Is it the right trade-off for a language feature is the question I’m asking.
What is gained by Scala itself automatically extending Serializable to types? It seems to me that users relying on Java serialisation don’t need to type extending Serializable
themselves.
What is the cost of Scala itself automatically extending Serializable to types?
- It can cause type inference problems, especially in invariant contexts – I’ve experienced this myself and seen this cause confusion, especially for juniors.
- Classes that users might not actually want to be serialisable, are without their control/consent/knowledge. Akka users might want more control to declare which objects are for transport vs not.
- It’s implicit “magic” hidden from users and learners that doesn’t help Scala’s reputation as a language criticised for too much implicit magic (even though it’s not literally an implicit in the keyword sense). IIRC it’s the source of a few Scala puzzlers.
So is it the right trade-off for a language feature? For me, it doesn’t seem so. I don’t want Akka users to go anywhere, I still want them to be able to do their thing and I think manually adding extends Serializable
is a very reasonable request that would allow us to simplify Scala avoid the costs of this feature, especially type inference which I’ve seen confuse and frustrate people.
Secondly, does anyone have any reliable stats or survey results that could help us understand roughly what percentage of Scala users are using Akka or Spark? That might help us weight the arguments with less bias.
Honestly Serializable
should be removed and instead we should be using the Encoder
/Decoder
pattern (i.e. what Circe uses) where you use a typeclass like system to optionally define how to serialize a certain type.
The Scala compiler can provide an automated way of doing this for case class
, it makes however zero sense to make everything extend serializable.
Even if majority agree what to do with Serializable
then there’s Product
which AFAIR is used by ScalaTest to produce output that can e.g. be copy-pasted into Scala code.

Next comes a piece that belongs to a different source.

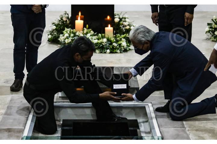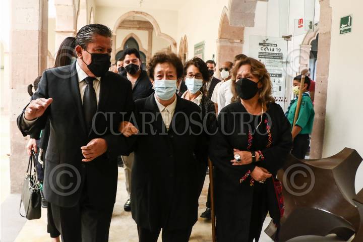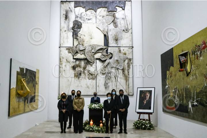 En una emotiva ceremonia, al pie del Retablo de los Mártires, de la capilla del Museo de Arte Abstracto de Zacatecas, fueron depositadas las cenizas del artista plástico nacido en Valparaíso, Zacatecas, Manuel Felguérez. David Monreal Ávila, gobernador del Estado, encabezó la ceremonia solemne acompañado de Mercedes Oteyza, esposa del pintor; Lucina Jiménez López directora general del Instituto Nacional de Bellas Artes y Literatura (INBAL); María de Jesús Muñoz Reyes, directora del Instituto Zacatecano de Cultura (IZC) “Ramón López Velarde” y el artista zacatecano Alfonso López Monreal.

Maybe instead of removing Product
and Serializable
, add a construct that adds them automatically? I propose case trait X
- it will mean you can subclass X
only by case class
, case object
or another case trait
. case trait X
would expand to trait X extends Product with Serializable
.
case trait X
would add to the often mentioned regularity of language. If case
modifier can be attached to class
and object
then why couldn’t it be attached to a trait
? Together with trait parameters Scala compiler could auto-generate valid unapply
method in companion object of a case trait
. That would be a viable alternative to subclassing case classes which is already prohibited in Scala 2.12.
Scala in 2018 - The State of Developer Ecosystem by JetBrains - section: Which frameworks / libraries do you regularly use? (%)
- Akka: 47 %
- Spark: 42 %
They are the two most used libraries in Scala world.

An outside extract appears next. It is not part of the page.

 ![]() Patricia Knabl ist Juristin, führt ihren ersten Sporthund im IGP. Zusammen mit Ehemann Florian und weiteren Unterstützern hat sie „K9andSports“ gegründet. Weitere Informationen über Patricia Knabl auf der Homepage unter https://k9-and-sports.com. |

Also there’s a prevalent opinion that Apache Spark is the cause of a big influx of Scala programmers. Scala authors already made a favor to Apache Spark developers by not changing a feature of Scala that is often used in Spark world: Proposal to deprecate and remove symbol literals
Serializable
is indeed a train wreck, which is even acknowledged by Oracle. That said, it is still ubiquitous, unfortunately. I believe the best way to treat Serializable
is as a runtime thing. Don’t try to make sense of it as a type, it will be impossible since it’s not a typeclass. Instead, just slap it on basically everything and work out things at runtime as best as you can. It’s a bad state of affairs, and the best option is to just acknowledge that.
Product
is different. It’s actually at the core of typeclass derivation. We need Product
to get sane alternatives to Java serialization.
On the other hand, I agree that we want to see neither in inferred types, ideally.

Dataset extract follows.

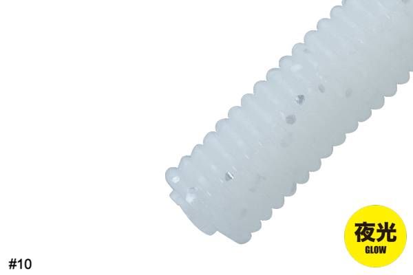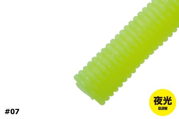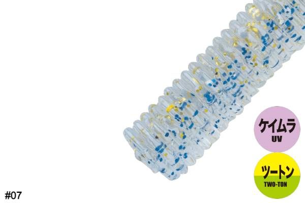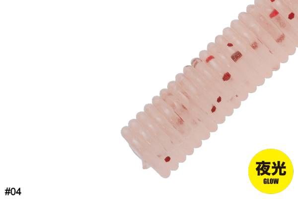 Un vinilo para ajing prácticamente articulado. El cuerpo está compuesto por segmentos de distinto grosor y anchura que le brindan mucha movilidad. La cola tiene un movimiento sinuoso y se dobla fácilmente en el momento en que el jurel absorbe el señuelo de vinilo.

Why? AFAIK serialization libraries use either reflection or macros. I would say Product
is rather used for pretty-printing or runtime analysis. However, I used Product
once to implement very simple CSV serializer - it’s easy to convert productIterator
to raw String containing valid CSV row, provided that all fields are direcly representable as CSV column. But that’s not a typical use case - it lacked deserializer and support for nested data types (which is super common in general).
OTOH implementing Product
by hand would make it somewhat useless.
I have only seen people discussing data serialization here but in fact, the harder problem is closure/code serialization. It’s not possible to write an encoder for Function1 or for Monoid. But spark, scalding, flink etc… do serialization of logic using Serializable.
This maybe doesn’t change the discussion about case classes extending Serializable, but I wanted to bring it up as we are lamenting Serializable.
I’d love spores to be part of scala 3, but even that only answers Function serialization, it doesn’t address cases where you want to send a typeclass to another node to execute.
Ahm, no. I use Product
in many cases, and I suspect others do, too.
Isn’t the broader problem that the compiler shouldn’t infer A & B if A <: B?
Isn’t it more that both A and B subtype C, D and F, and so their lub is C & D & F instead of C?
Currently case classes do not automatically inherit from Product2[A1, A2], Product3[A1, A2, A3] etc, which means manually extending and overriding _1, _2, etc members. That’s not an insignificant amount of boiler plate for a large percentage of my case classes.
True but then it’s not really incorrect.
Imagine we got rid of Serializable and renamed Product to CaseClass. So you’d get e.g. Color & CaseClass. That doesn’t seem very wrong to me.
Although, I’m not sure it’s better than sticking to e.g. Red | Green.
Oh the inferred type is absolutely correct, that was never my point. It’s just extremely confusing to newcomers and not very useful.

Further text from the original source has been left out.